Add URI normalization functions to the urllib.parse module

maggyero · March 31, 2020, 1:50pm

Recently I was desperately looking for an URI normalization Python library providing syntax-based normalization (case normalization, percent-encoding normalization and path segment normalization) and scheme-based normalization, as specified in RFC 3986.

I could only find this Gist by Mark Nottingham: https://gist.github.com/mnot/246089

It was great but outdated so I updated it in this fork (Python 3, RFC 3986 compliance, Unittest framework and a few corrections): https://gist.github.com/maggyero/9bc1382b74b0eaf67bb020669c01b234

I think it could be a nice addition to the Python standard library, so I contacted Mark and he is fine with that too.

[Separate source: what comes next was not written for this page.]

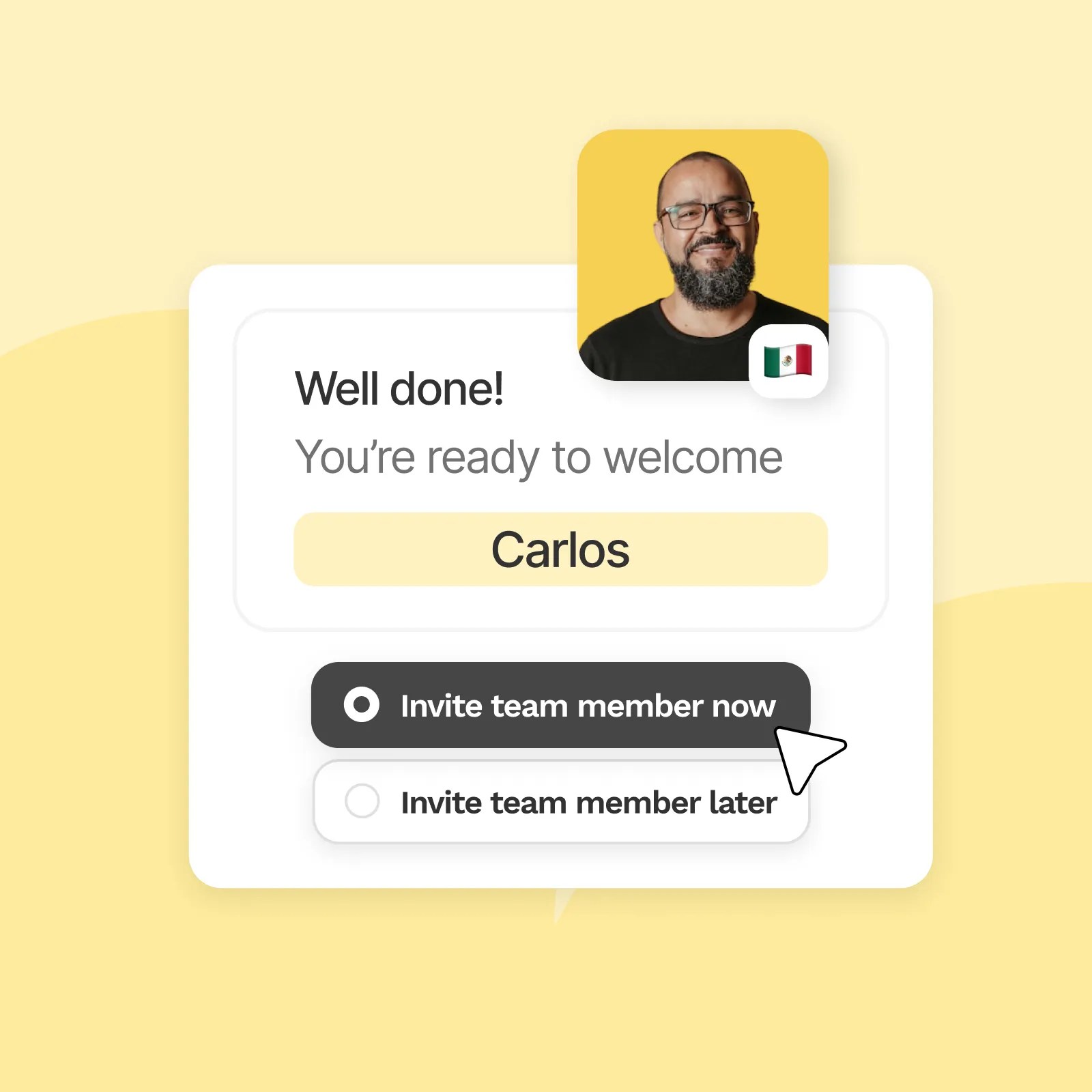 - Guided hiring flows: Follow an easy step-by-step process to hire Team Members compliantly.

More precisely, we could add the normalizing functions defined in my Gist to the urllib.parse module:

normalizes: normalize an URI;
normalize: normalize URI components;
remove_dot_segments: remove the dot-segments in a URI path component.

What is your opinion on this?

ofek · April 5, 2020, 8:08pm

For URI handling nowadays, I think everyone uses the code pulled out of Twisted: https://github.com/python-hyper/hyperlink

mahmoud · April 6, 2020, 5:04pm

I dunno about everyone, but hyperlink’s certainly one of the better options. I may be biased though; I added the normalize() method to hyperlink, the docs of which are here: https://hyperlink.readthedocs.io/en/latest/api.html#hyperlink.URL.normalize

If there’s real demand for this in the stdlib, I’d be happy to help. It can get a little contentious at times, especially around balancing the fundamental URL behaviors versus the creative interpretations browsers make.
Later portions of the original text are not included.